Home / Shonnard, Frederic, and W.W. Spooner. History of Westchester County, New York, from its Earliest Settlement to the Year 1900. New York: The New York History Company, 1900. / Passage

History of Westchester County, New York, from its Earliest Settlement to the Year 1900

Shonnard, Frederic, and W.W. Spooner. History of Westchester County, New York, from its Earliest Settlement to the Year 1900. New York: The New York History Company, 1900. 320 words

The following, from a letter written from Peekskill, War: January 19, 1777, reads like a chapter from the Thirty Years' General Howe has discharged all the privates who were prisoners in New York ; one-half he sent to the world of spirits for want of food. The other he hath sent to warn their countrymen of the danger of falling into his hands, and so convince them, by ocular demonstration, that it is infinitely better to be slain in battle than to be taken prisoners by British brutes, whose tender mercies are cruelty. But it is not the prisoners alone who felt the effects of British inhumanity. Every part of the country thro' which they have march'd has been plundered and ravaged. No discrimination has been made with respect to Whig or Tory, but all alike have been involv'd in one common fate. Their march thro' New Jersey has been marked with savage barbarity. But Westchester witnesseth more terrible things. The repositories of the dead have ever been held sacred by the most barbarous and savage nations. But here, not being able to accomplish their accursed purposes upon the living, they wreaked their vengeance on the dead.

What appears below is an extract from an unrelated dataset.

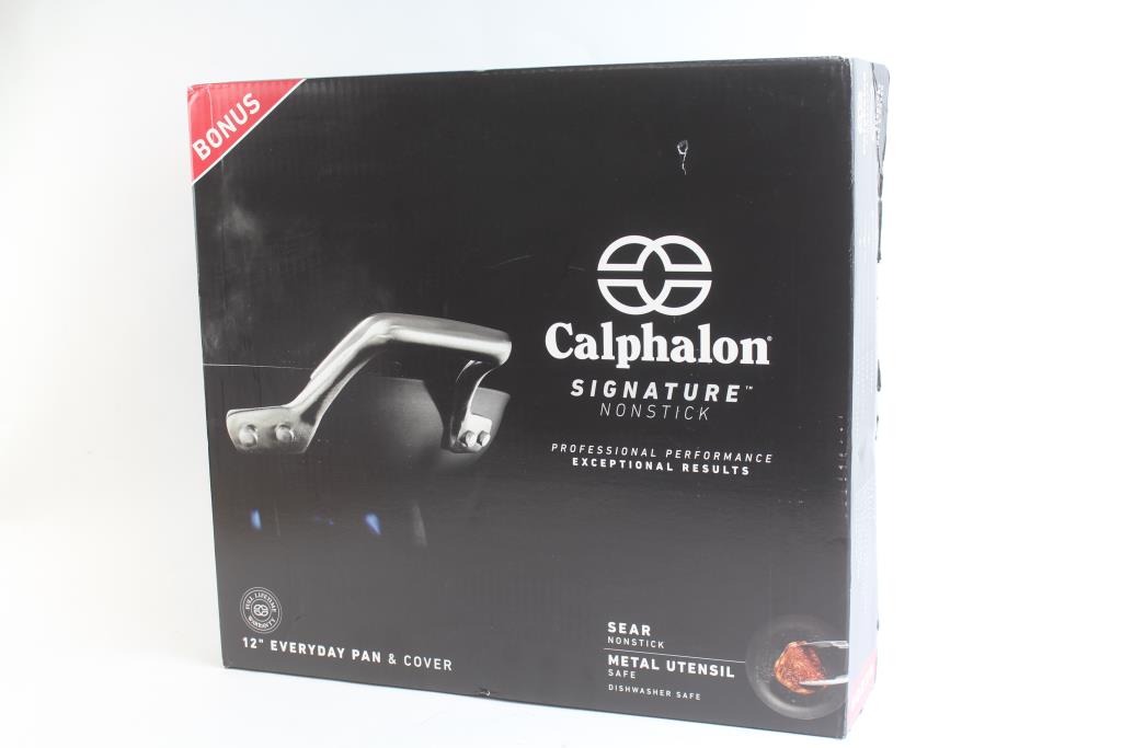 Get a great deal with this online auction for a Calphalon signature nonstick 12" everyday pan & cover presented by Property Room on behalf of a law enforcement or public agency client. - Calphalon Signature Nonstick 12" Everyday Pan & Cover

In many places, the graves in the church-yards were opened, and the bodies of the dead exposed upon the ground for several days. At Morrissania the family vault was opened, the coffins broken and the bones scattered abroad. At Delancey's farm the body of a beautiful young lady, which had been buried for two years, was taken out of the ground and exposed for five days in a most indecent manner ; many more instances could be mentioned, but my heart sickens at the recollection of such inhumanity. Some persons try to believe that it is only the Hessians who perpetrate these things, but I have good authority to say that the British vie with, and even exceed the auxiliary troops in licentiousness.